El mantra fundamental
del orden hegemónico, del que descienden todos los demás, niega a
priori la viabilidad o incluso la mera existencia de vías alternativas respecto
a la neoliberal (there is no alternative). En este sentido, los apóstoles del
evangelio competitivista liberal-financiero son adoradores y portaestandartes
del «realismo capitalista» codificado por Mark Fisher. Se parecen –con la
imagen de Brecht– a los pintores que cubren de naturalezas muertas las
paredes de una nave que se está hundiendo; contribuyen a fortalecer y
universalizar la sensación generalizada de que el capitalismo, como régimen de
producción y existencia, es el único paradigma social, político y económico
viable y que, en consecuencia, es imposible siquiera imaginar una alternativa
coherente.
A
esta función hegemonizante responden los múltiples «tanques de
pensamiento» (think tanks) liberal-globalistas que, generosamente financiados por
los grupos dominantes, jalonan Occidente: desde el Cato
Institute hasta la Heritage Foundation en Estados Unidos; desde
el Adam Smith Institute hasta el Institute of Economic
Affairs en Gran Bretaña; desde la Mont Pelerin Society, fundada en
Suiza en 1947, hasta las Bilderberg Conferences, iniciadas en Holanda en
1952, o la Trilateral Commission nacida en 1973; sin olvidar a los
“tanks” académicos, como las
universidades Bocconi y LUISS en Italia, o la London
School of Economics y la London Business School en Inglaterra, o
el Insead en Francia y muchos otros repartidos a lo largo y ancho del
planeta.
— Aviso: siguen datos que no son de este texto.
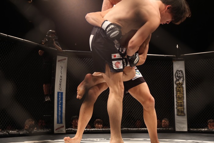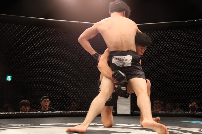 1R、両者オーソドックス。タックルを見せる飯野。辻がパンチで出るが、飯野がタックルに入るとボディロックからバックに回る。後方に引き込みながら四の字ロックに捕らえた。リアネイキドチョークへ。耐えていた辻だが落ちた!
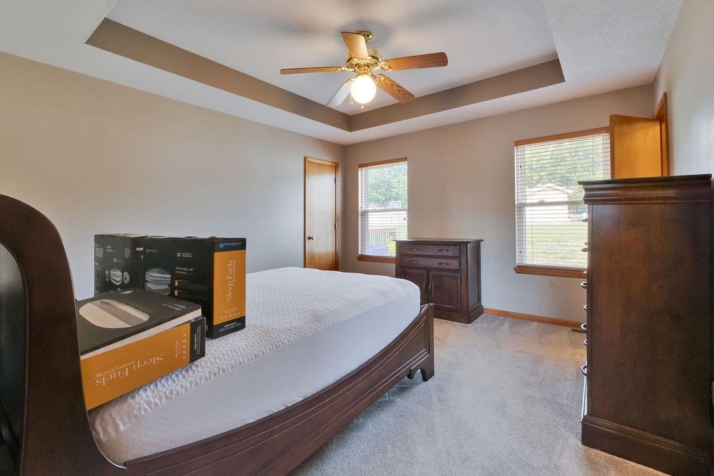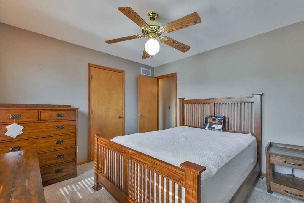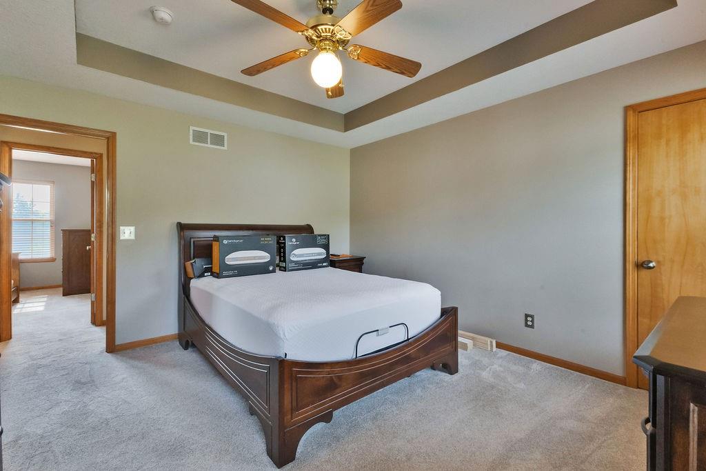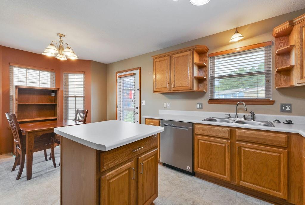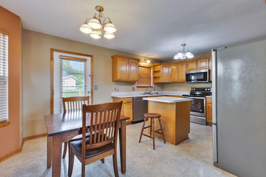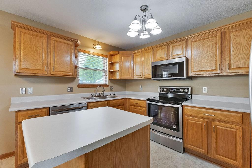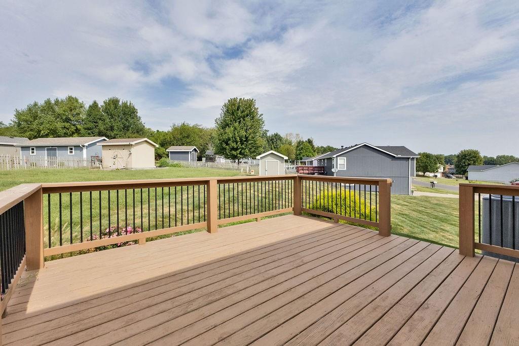 This well-maintained home sits on a spacious corner lot with professional landscaping, accent lighting, rock detail, and an irrigation system for easy upkeep. Inside, the large, bright eat-in kitchen offers plenty of cabinet space, and a center island. The living room boasts soaring ceilings with a decorative accent shelf, a cozy wood-burning fireplace with custom lighting, and elegant wood blinds throughout. The main floor provides three bedrooms and two full baths, including a generous master suite with a private bath featuring a double sink vanity and his-and-hers closets. A convenient main floor laundry adds to the home’s functionality. The lower level is already studded for a bathroom and ready to finish into a spacious rec room or additional living space. The oversized two car garage provides extra storage. Outdoors, a large deck off the kitchen makes the perfect spot for entertaining. This total electric home blends comfort, style, and convenience. Ready for its next owner!
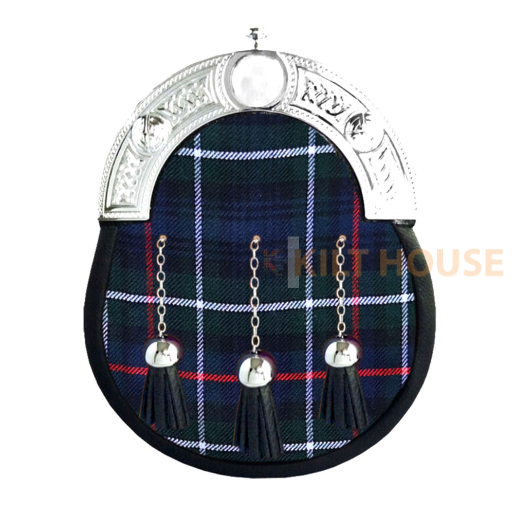 Mackenzie Tartan Full Dress Leather Sporrans Introducing the Scottish Kilts Outfit Sporran, crafted from 100% genuine leather with a Celtic silver cantle and chain strap. This traditional Wallace Tartan kilt sporran bag embodies Scottish heritage and clan pride. The Black Watch Tartan Sporran is available in full-dress leather, featuring a customizable clan tartan on the front with three matching leather tassels. Made to order, this sporran combines premium-grade leather with a classic Scottish design, offering both value and durability. It’s an ideal accessory for both formal and informal events, perfect for those seeking quality and affordability.
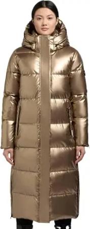 Damen glänzender warmer Winter Steppmantel lang mit abnehmbarer Kapuze Hedd Shiny-YM Gold Gr. S
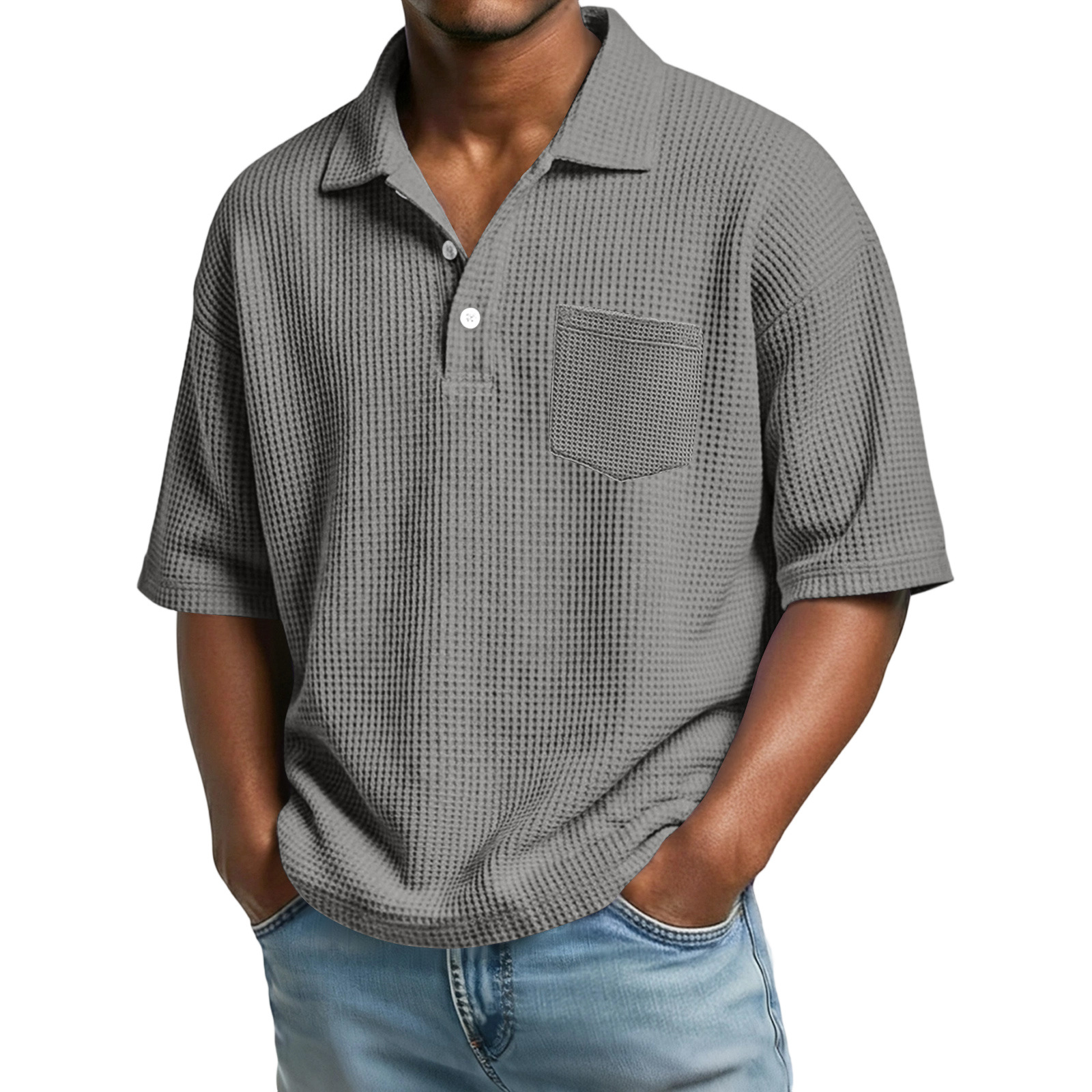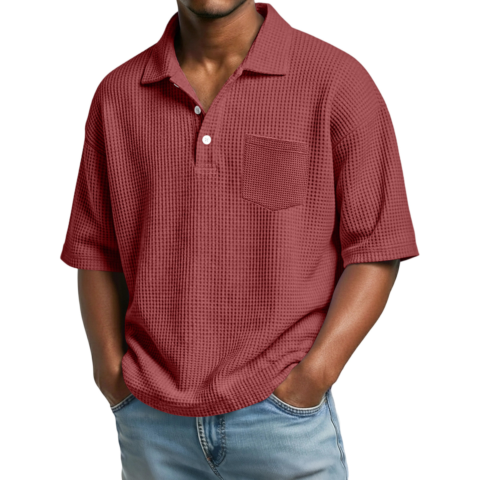 0 Review for Men's Waffle-Weave Solid Color Short-Sleeve Lapel Polo Shirt
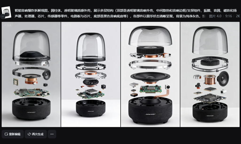 前期构思:先明确爆炸分解的呈现逻辑,比如智能音响可按 “从上到下”(顶部音响网罩→中层散热组件→核心发声部件→底层电路板)的顺序拆解,提前规划好各部件的悬浮距离和展示角度,避免生成的特效杂乱无章。
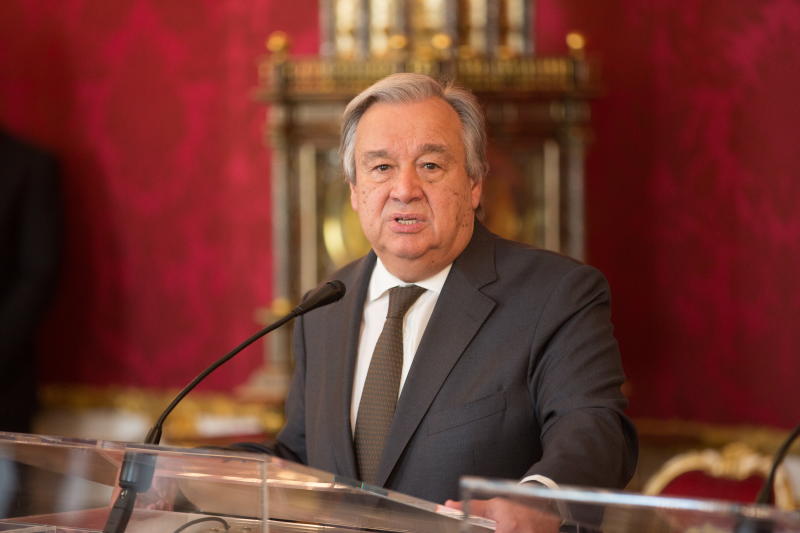 UN Secretary-General Antonio Guterres speaks during a press statement at the Hofburg Palace in Vienna on May 14, 2018.
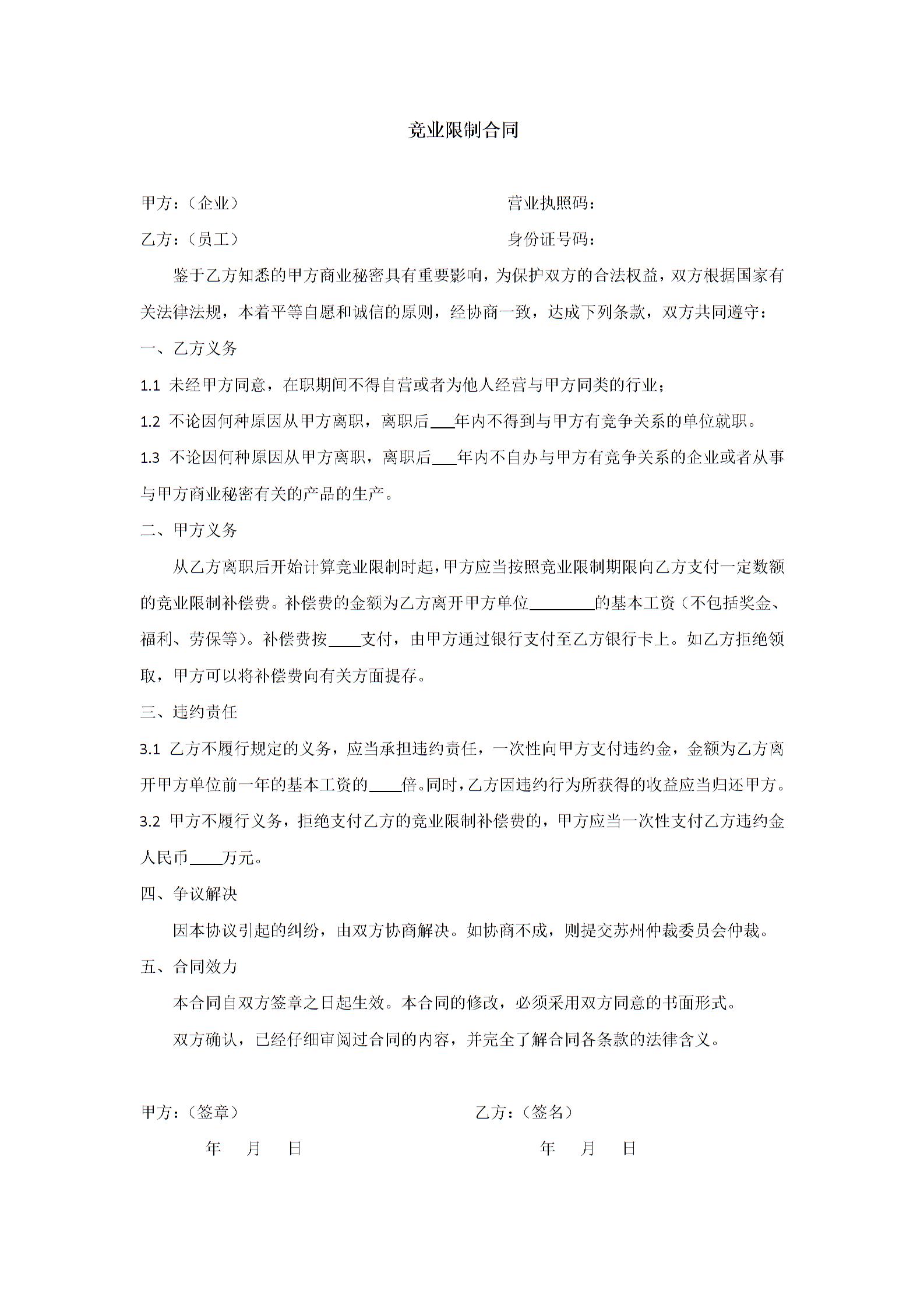 竞业限制合同模板1
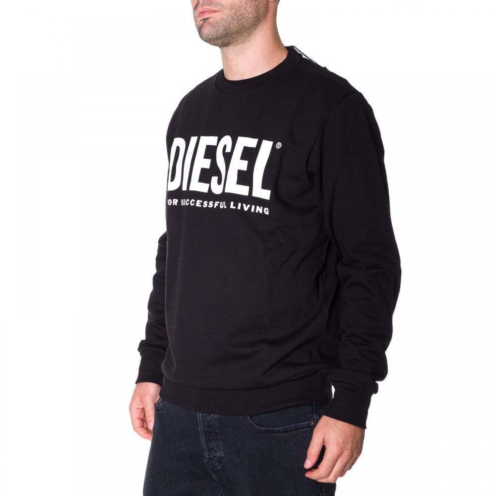 Felpa Diesel uomo, in cotone. Girocollo, collo, polso e fondo a costine, stampa logo su pannello frontale
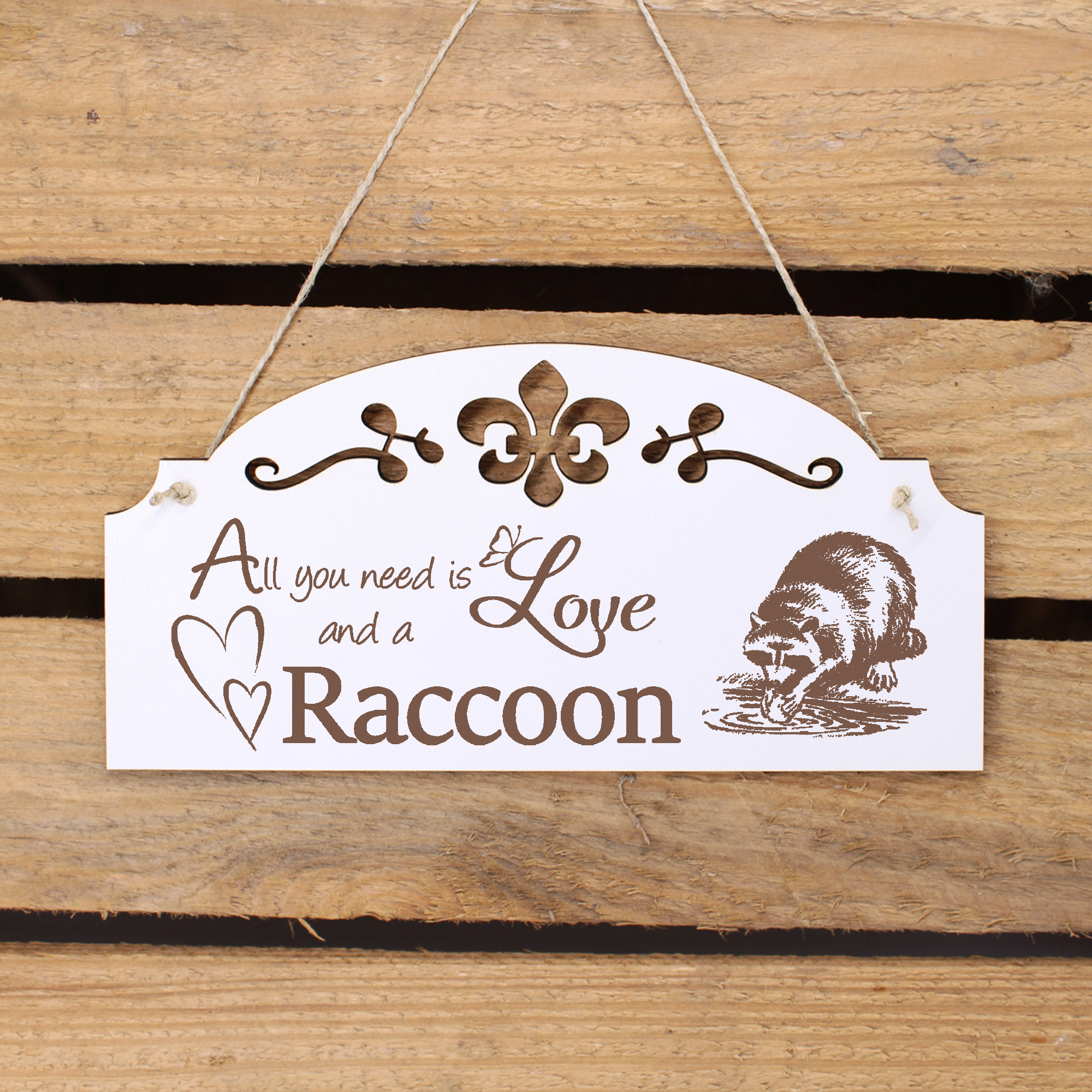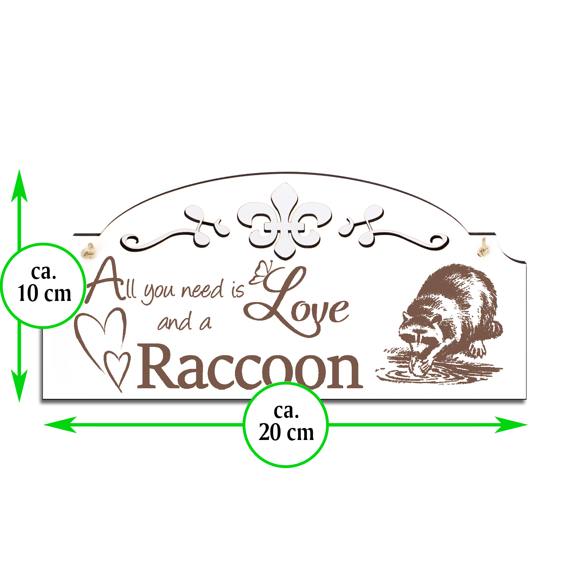 Schild Waschbär Deko 20x10cm - All you need is Love and a Raccoon - Holz

Todos ellos están especializados en propagar las mainstream
economics de tipo neoliberal, la ontología de la intransformabilidad de
lo real, la antropología transhumanista del liberal-progresismo y los
módulos del pensamiento único políticamente correcto.
Los
puntos de referencia de los citados «tanques de pensamiento» son, en el plano
teórico, economistas de ortodoxa fe liberal de la escuela
austriaca (como von Mises y von Hayek), de la escuela
de Friburgo (como Roepke y Eucken) y, sucesivamente, de
la escuela de Chicago (como Frank Knight y Milton
Friedman); que han sostenido y difundido en cada etapa las tesis fundacionales
de la religión económica actual, según las cuales resultan iniciativas funestas
la intervención estatal en la economía, el desarrollo del Estado social y, por
ende, el excesivo poder atribuido a los sindicatos.
Naturalmente,
en la hegemonización neoliberal del espacio político y discursivo, no
es menos relevante el papel desempeñado por los medios de comunicación (radio,
televisión y periódicos), también administrados en régimen monopolístico por
los grupos dominantes. Como hemos recordado en otras ocasiones, el
“campo mediático” del que hablaba Bordieu, esto es, la unión de la
clase dominante y los administradores de las superestructuras, da origen a lo
que Michéa definió como «el Partido de los Medios y del Dinero».
Los
«think tanks«, responsables de reforzar la hegemonía neoliberal y el dominio
simbólico, vehiculan los esquemas de pensamiento de la globalización neoliberal
como el único modelo posible y, al mismo tiempo –a modo de colofón de una
teología económica de la desigualdad sin precedentes–,
expanden científicamente el sentimiento de culpa entre la población.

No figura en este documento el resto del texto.